Lundi 19. Un américain lui demande de venir coucher avec lui au Danieli. Mais Marcel refuse : il n'a pas envie de parler anglais, il est en Italie pour parler italien. Comme le mec est vexé, Marcel se paye le luxe de lui offrir un pot au Florian. L'autre jour, Franco lui a dit, en français : "Il pleut!" et il lui a répondu : "Non e vero. E un sogno di te". Franco a éclaté de rire, a répété sa phrase et l'a entraîné dans un coin pour l'embrasser à pleine bouche.

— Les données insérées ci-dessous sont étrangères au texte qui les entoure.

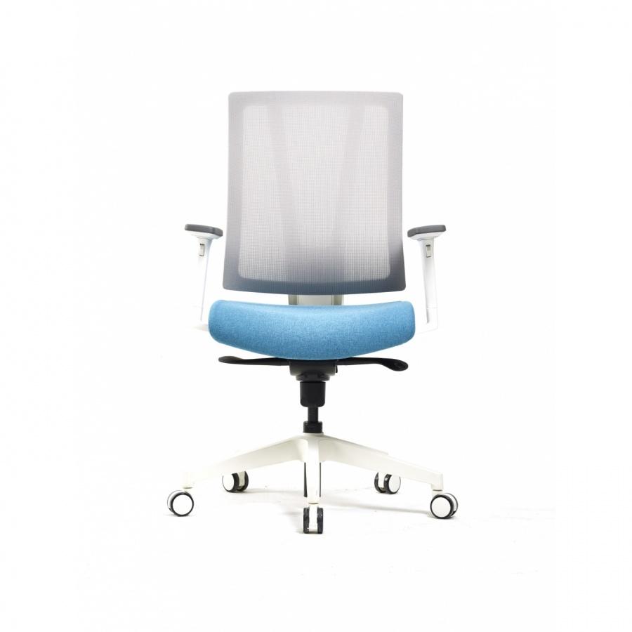 Ергономичен работен стол DAWON G1, мрежа и дамаска, бяла PP база, 3D подлакътници, сив/светлосин

Thomas Schippers dirige "La Traviata" à La Fenice. Fougue et passion. Mais, comme dirait Jacques Bourgeois, La Traviata n'est pas un opéra de chef d'orchestre. Beverly Sills rayonne. Son intelligence scénique et musicale font oublier, d'après Claudine, une voix un peu trop légère pour le rôle. Une autre américaine, Beverly Wolf, se fait remarquer dans le "Requiem", dirigé à nouveau par Schippers. Derrière Marcel, soudain, un italien le regarde fixement. Yeux bleus. C'est Franco! Il est avec sa femme. Claudine n'arrête pas de faire des signes bizarres.
"Andiam" dit Franco. Ils vont au cinéma de l'Arsenal. Un cinéma affreux. Du porno et des sièges abîmés. "On ne peut pas se taper tous les jours La Fenice" se dit Marcel, alors que son amant a ouvert sa braguette et sorti son engin. Le dernier rendez-vous sera la veille de son départ. Ils n'arriveront pas à trouver un coin tranquille. A chaque fois Franco se redressera, le pantalon baissé, et criera, dans la nuit chaude "Assassino!" à quelque passant isolé qui reluque leurs ébats.
Le train arrive à Milan, dans la chaleur étouffante de l'après-midi. C'est fini. Marcel est calme, vide, déjà bouffé par les souvenirs. Pendant que Claudine achète des magazines, il va dans les toilettes de la gare. Un italien se met tranquillement à côté de lui et branle sa queue dressée en le regardant. Obsédés, les italiens?